**Work request**
Only the text of the records below belongs in the answer, copied exactly, with pictures omitted.

**Entries taken from a collection**
_ _ _ _
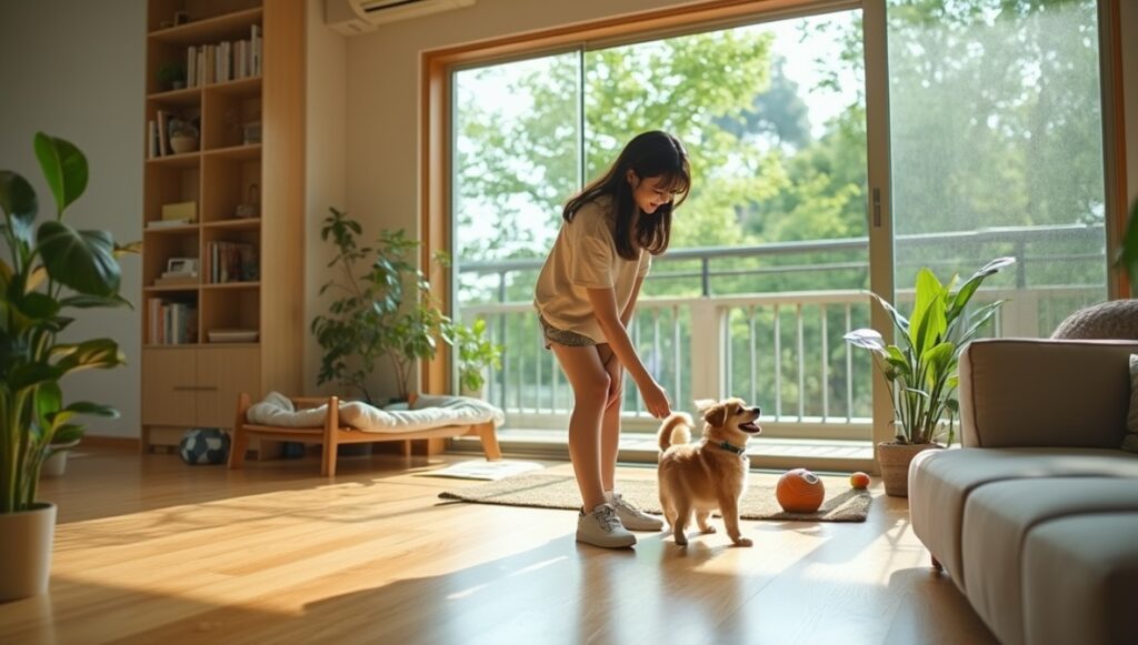 まず、ペットと暮らすための必須設備として、床材の性質が最も重要なポイントとなります。フローリングの場合は傷つきにくい材質を選び、滑り止め加工があるものが理想的でしょう。特に京都は夏場の蒸し暑さが厳しいため、清潔さを保ちやすい床材を選ぶことをおすすめします。
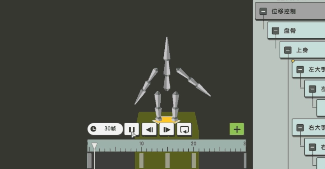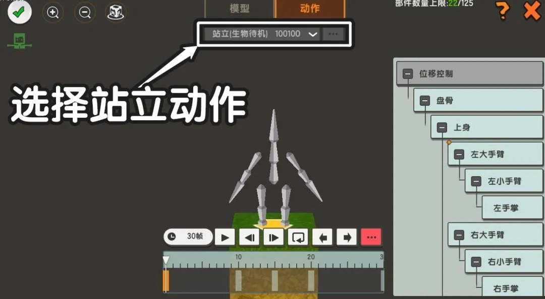 点击页面上方选择站立动作,其动作制作方法与自定义模型一致,都是通过调整部件位置并插入关键帧来完成动作制作。在此,我们简单制作一个挥手动作:
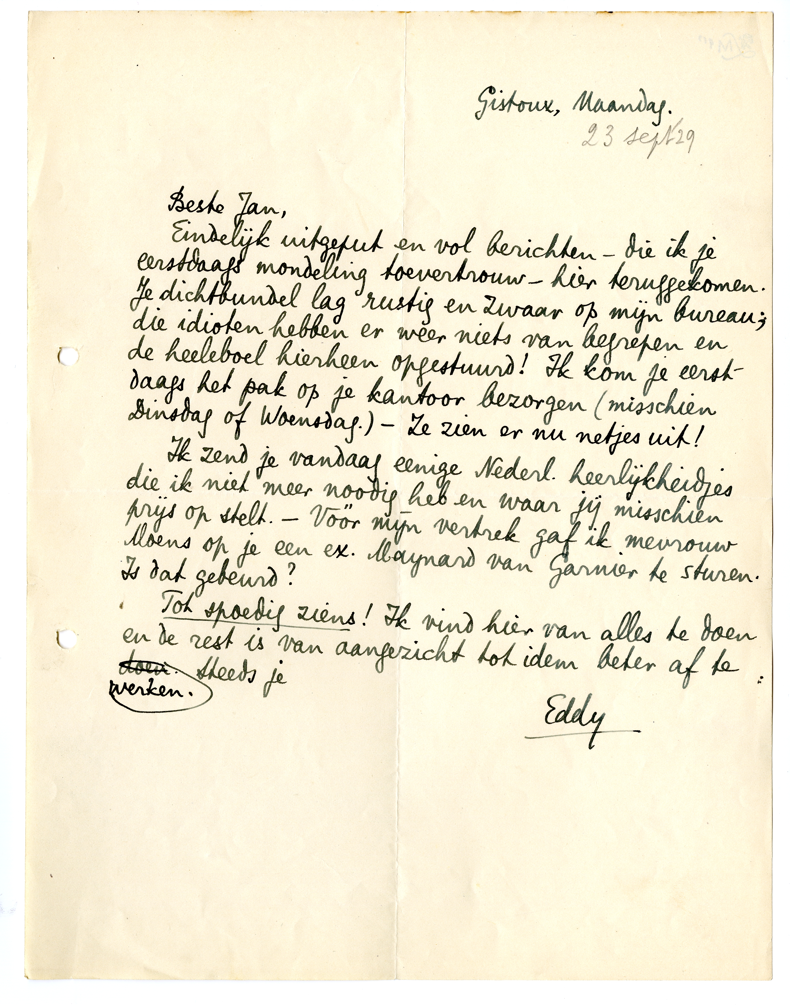 Eindelijk uitgeput en vol berichten-die ik je eerstdaags mondeling toevertrouw-hier teruggekomen. Je dichtbundel lag rustig en zwaar op mijn bureau; die idioten hebben er weer niets van begrepen en de heeleboel hierheen opgestuurd! Ik kom je eerstdaags het pak op je kantoor bezorgen (misschien Dinsdag of Woensdag.)-Ze zien er nu netjes uit!
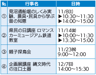 (2)~(4)…(2)・(3)は11月5日(水)、(4)は11月15日(土)のいずれも9時から、電話で、同館へ。
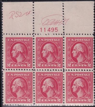 US Washington – Franklin #528 MINT LH F – VF Top plate # block 11495 with monogram Cat Value $200
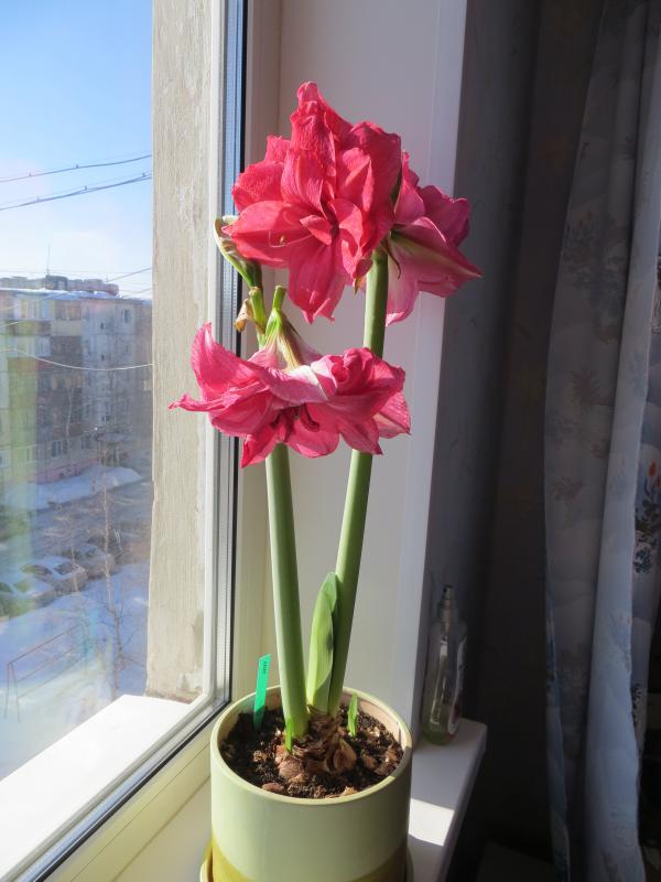 Ольга Джесс, у меня стоит на южном утепленном балконе, ничем не притеняю (хотя там летом жарит основательно - 15 этаж, солнце ничем не закрыто), после пересадки из очень тесного горшка в нормальный выдала аж 3 стрелки (я то думала в этом году вообще прокатит после такой грубой пересадки). попить она очень любит, но болото разводить не стоит)). удобряю, как вспомню. в принципе в теплое время получаются перепады температуры, т.к. окна на балконе почти всегда открыты
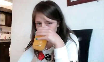 Teen milks front the webcam
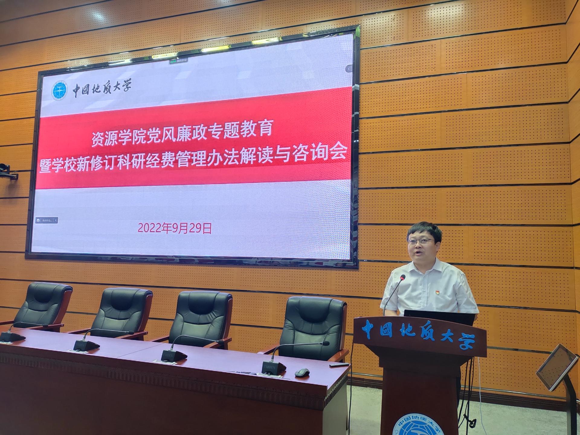 9月29日下午,资源学院党委在东区教学综合楼A0113会议室召开党风廉政专题教育暨学校新修订科研经费管理办法解读与咨询会。财务与资产管理部部长杨从印,副部长马晓霞、彭磊,相关科室负责人,学院领导班子全体成员、全院教职工、学生代表参加会议。会议以线上、线下相结合的形式进行,学院党委书记高复阳主持会议。
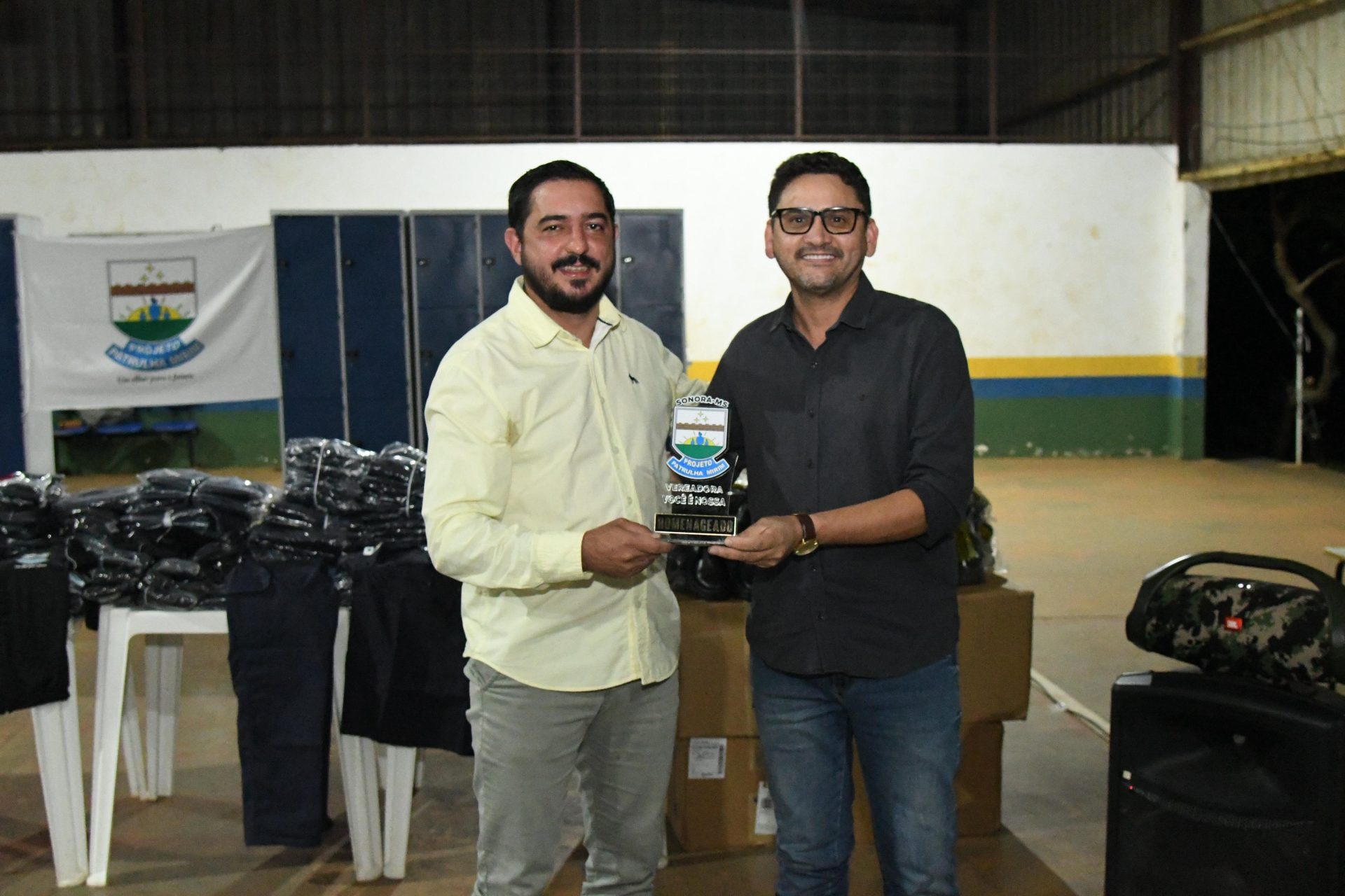 Estiveram presentes na cerimônia o Comandante da Polícia Militar de Sonora, Tenente Agnaldo Santos de Oliveira, a Prefeita Municipal Clarice Ewerling, o Presidente da Câmara Municipal Laudir Júnior, o Gerente de Educação Josevan Lopes, além de vereadores e representantes da assistência social.
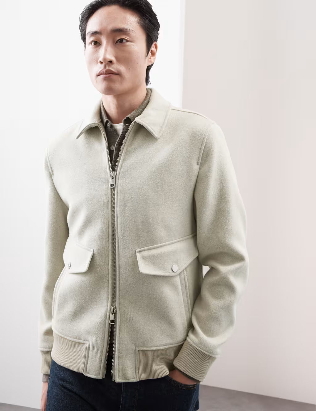 M&S Men's Faux Leather Aviator Jacket
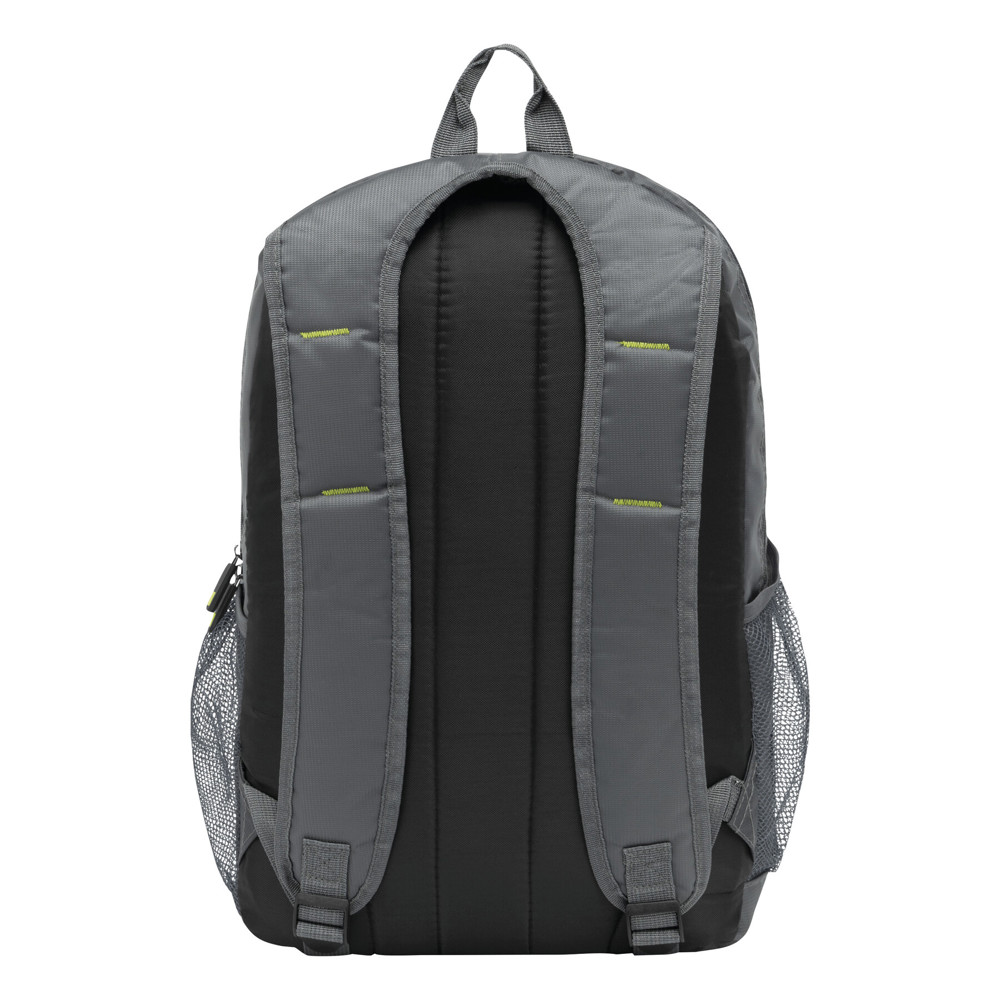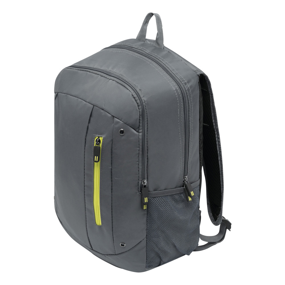 Backpack TALLINN: 1 zippered front pocket with organiser, small vertical front pocket with coloured zip, 1 zippered main compartment with padded interior compartment for laptop or tablet plus additional slip-in pocket, 2 mesh pockets on the side, carrying handle, padded shoulder straps and back support
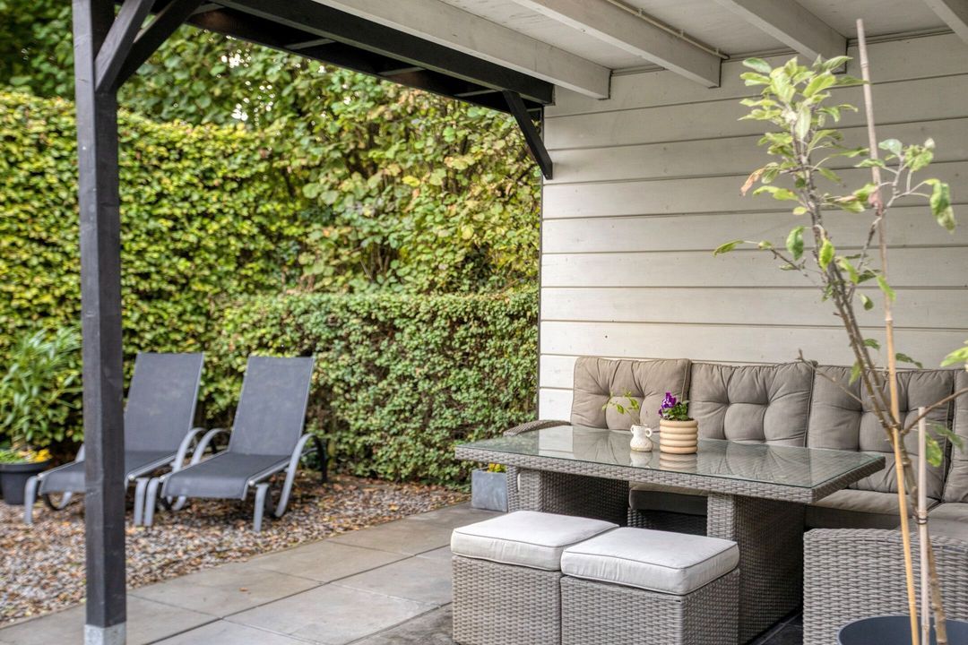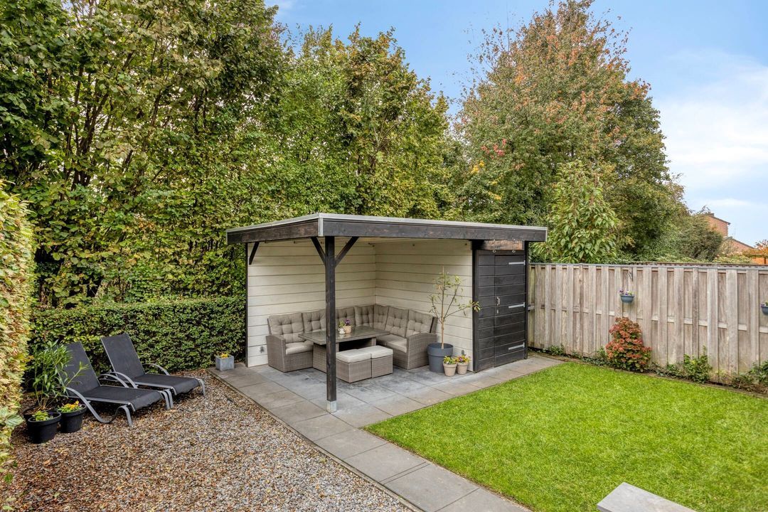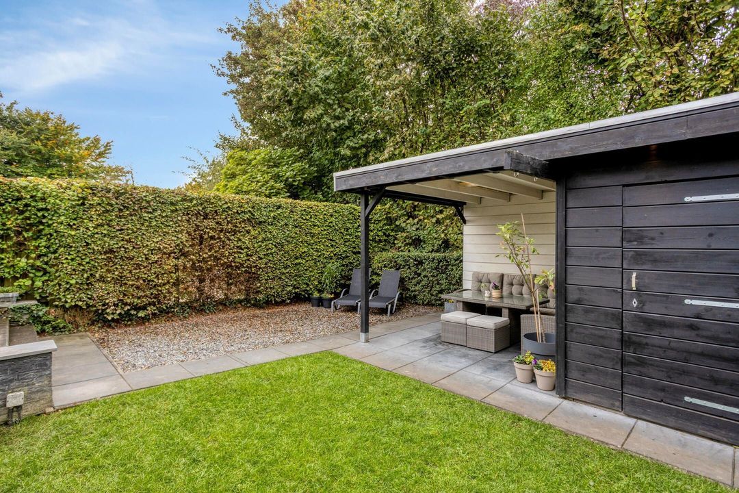 De sfeervolle achtertuin is bereikbaar via de deuren in de woonkamer of via de garage. De tuin is split-level aangelegd en bestaat uit een combinatie van terras, gazon en plantenborders. Aan de achterzijde van de tuin bevindt zich een praktische berging van circa 4,5 m², ideaal voor het opbergen van tuingereedschap en materialen. Aan de berging grenst een overkapping van circa 10 m², een heerlijke plek om te zitten, te ontspannen of buiten te tafelen, ongeacht het weer. De tuin biedt een prachtige balans tussen privacy, sfeer en functionaliteit.
_ _ _ _
**Result of the exercise**
 まず、ペットと暮らすための必須設備として、床材の性質が最も重要なポイントとなります。フローリングの場合は傷つきにくい材質を選び、滑り止め加工があるものが理想的でしょう。特に京都は夏場の蒸し暑さが厳しいため、清潔さを保ちやすい床材を選ぶことをおすすめします。
 点击页面上方选择站立动作,其动作制作方法与自定义模型一致,都是通过调整部件位置并插入关键帧来完成动作制作。在此,我们简单制作一个挥手动作:
 Eindelijk uitgeput en vol berichten-die ik je eerstdaags mondeling toevertrouw-hier teruggekomen. Je dichtbundel lag rustig en zwaar op mijn bureau; die idioten hebben er weer niets van begrepen en de heeleboel hierheen opgestuurd! Ik kom je eerstdaags het pak op je kantoor bezorgen (misschien Dinsdag of Woensdag.)-Ze zien er nu netjes uit!
 (2)~(4)…(2)・(3)は11月5日(水)、(4)は11月15日(土)のいずれも9時から、電話で、同館へ。
 US Washington – Franklin #528 MINT LH F – VF Top plate # block 11495 with monogram Cat Value $200
 Ольга Джесс, у меня стоит на южном утепленном балконе, ничем не притеняю (хотя там летом жарит основательно - 15 этаж, солнце ничем не закрыто), после пересадки из очень тесного горшка в нормальный выдала аж 3 стрелки (я то думала в этом году вообще прокатит после такой грубой пересадки). попить она очень любит, но болото разводить не стоит)). удобряю, как вспомню. в принципе в теплое время получаются перепады температуры, т.к. окна на балконе почти всегда открыты
 Teen milks front the webcam
 9月29日下午,资源学院党委在东区教学综合楼A0113会议室召开党风廉政专题教育暨学校新修订科研经费管理办法解读与咨询会。财务与资产管理部部长杨从印,副部长马晓霞、彭磊,相关科室负责人,学院领导班子全体成员、全院教职工、学生代表参加会议。会议以线上、线下相结合的形式进行,学院党委书记高复阳主持会议。
 Estiveram presentes na cerimônia o Comandante da Polícia Militar de Sonora, Tenente Agnaldo Santos de Oliveira, a Prefeita Municipal Clarice Ewerling, o Presidente da Câmara Municipal Laudir Júnior, o Gerente de Educação Josevan Lopes, além de vereadores e representantes da assistência social.
 M&S Men's Faux Leather Aviator Jacket
 Backpack TALLINN: 1 zippered front pocket with organiser, small vertical front pocket with coloured zip, 1 zippered main compartment with padded interior compartment for laptop or tablet plus additional slip-in pocket, 2 mesh pockets on the side, carrying handle, padded shoulder straps and back support
 De sfeervolle achtertuin is bereikbaar via de deuren in de woonkamer of via de garage. De tuin is split-level aangelegd en bestaat uit een combinatie van terras, gazon en plantenborders. Aan de achterzijde van de tuin bevindt zich een praktische berging van circa 4,5 m², ideaal voor het opbergen van tuingereedschap en materialen. Aan de berging grenst een overkapping van circa 10 m², een heerlijke plek om te zitten, te ontspannen of buiten te tafelen, ongeacht het weer. De tuin biedt een prachtige balans tussen privacy, sfeer en functionaliteit.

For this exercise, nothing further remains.